Was it all a hoax or magic? Coincidence? Luck? How could you explain the healing of the blind, the deaf, lepers? Feeding thousands, raising the dead? Jesus’ own resurrection. Maybe Jesus had the help of many to just maneuver his life to perfectly match up with everything that had been written hundreds of years before his birth? How could he have arranged his ancestry as predicted, his birthplace, his method of execution (predicted before crucifixion even existed), his miracles? There were witnesses, thousands of people. He drew crowds of people, non-believers who had to see to believe and those who knew if they could just touch the hem of His garment. . . Then it was written down and Jesus sent His best out on the road to spread the word. The New Testament has all the proof you need to believe God sent Jesus, His Son, to fulfill Old Testament prophecies, to establish a new covenant and give you ONE rule to follow to win big.

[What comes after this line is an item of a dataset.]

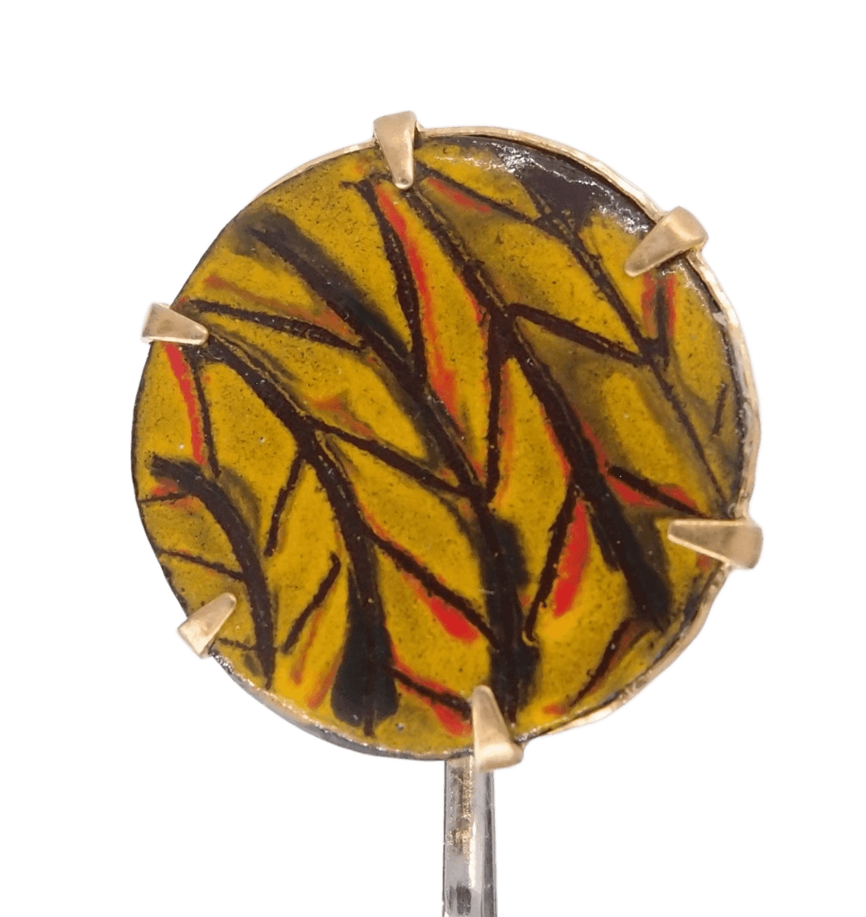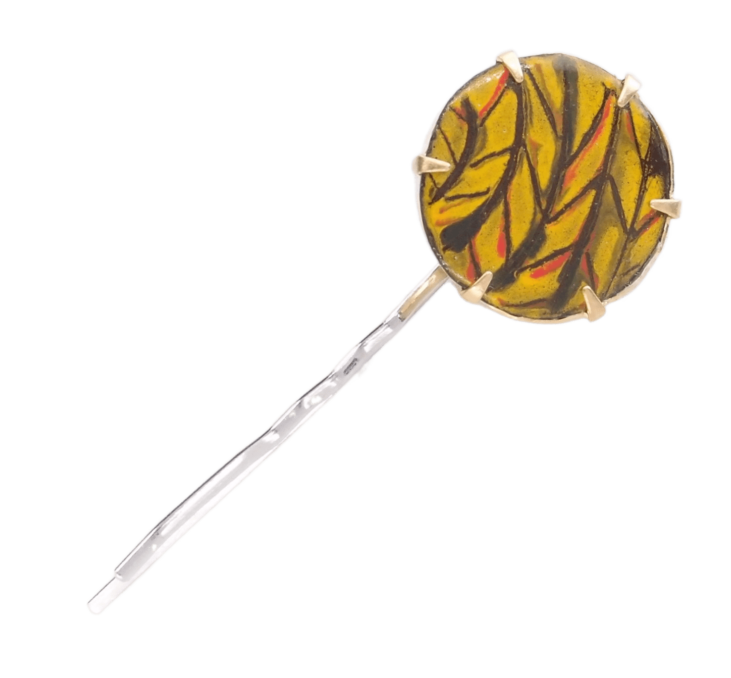 Smaltovaná žlutě pruhovaná sponka. Tato smaltovaná sponka se žlutými pruhy je skvělým doplňkem pro tmavší vlasy, kde krásně vynikne. Její pevné perko zaručuje, že sponka bezpečně drží na místě a neklouže, což ji činí ideální volbou pro každodenní nošení i speciální příležitosti. Pro dokonalý vzhled ji můžete sladit s broží ve tvaru motýla, přívěskem nebo náušnicemi ve stejných žlutých odstínech, čímž vytvoříte harmonický a elegantní set.

I made a statement the other day and Wyatt didn’t believe me. He had to Google it only to prove me right. I’ll take my gold star now. Sometimes it takes a little work to research an answer and gain knowledge of something you didn’t know before. You can go on living as if you get to make the rules and still win, but I invite you to read Isaiah 7:14 where he revealed the Messiah’s birth (of a virgin), Micah 5:1 referencing the messiah’s birth in Bethlehem, Jeremiah 23:5 calling out His ancestry from David, the Gospels documenting Jesus’ predictions of his own death & resurrection. He gives them the new playbook to win the kingdom of Heaven available to all who believe. Best Christmas Gift Ever.
Beautiful read Laura. Wishing you peace, love, and comfort this holiday season.